550 divided by its sum of digits (10) gives a palindrome (55).
Adding to 550 its product of nonzero digits (25), we get a palindrome (575).
Subtracting from 550 its product of nonzero digits (25), we obtain a palindrome (525).
550 divided by its product of nonzero digits (25) gives a palindrome (22).
550 is digitally balanced in base 3, because in such base it contains all the possibile digits an equal number of times.
550 is a Gilda number.
It is a super Niven number, because it is divisible the sum of any subset of its (nonzero) digits.
550 is an undulating number in base 7.
It is a plaindrome in base 12, base 13, base 15 and base 16.
It is a nialpdrome in base 5 and base 10.
It is a congruent number.
550 is a gapful number since it is divisible by the number (50) formed by its first and last digit.

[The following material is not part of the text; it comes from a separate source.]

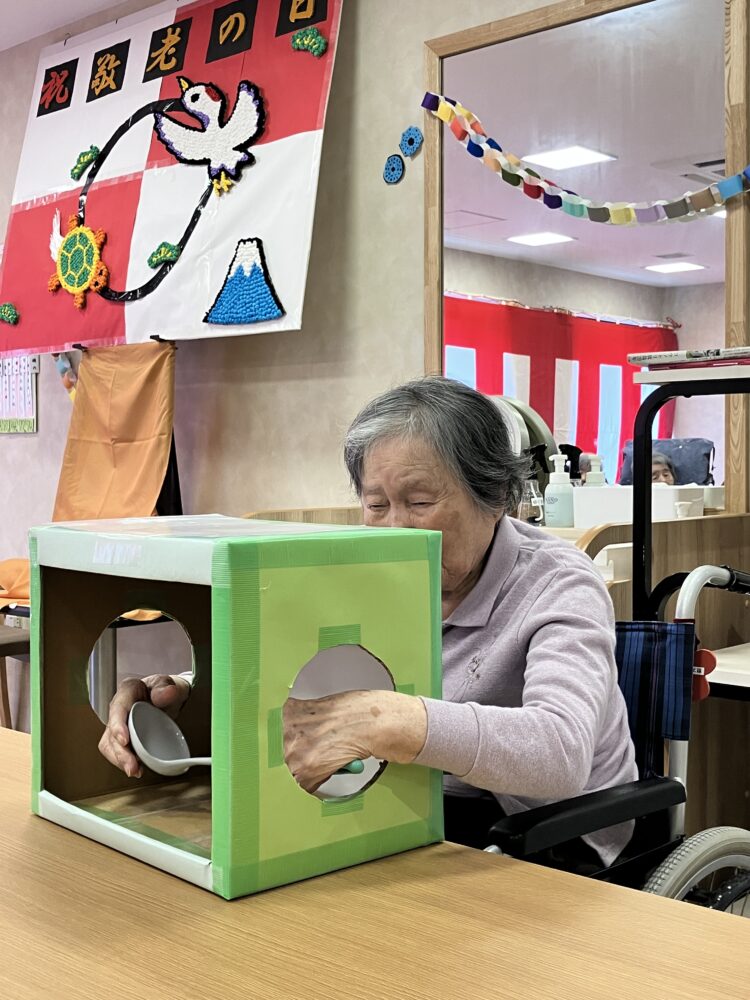 また、ご利用者には「箱の中身はなんですか?」のゲームをしていただきました。

550 is a primitive abundant number, since it is smaller than the sum of its proper divisors, none of which is abundant.
It is a pseudoperfect number, because it is the sum of a subset of its proper divisors.
550 is a wasteful number, since it uses less digits than its factorization.
550 is an evil number, because the sum of its binary digits is even.
The square root of 550 is about 23.4520787991. The cubic root of 550 is about 8.1932127060.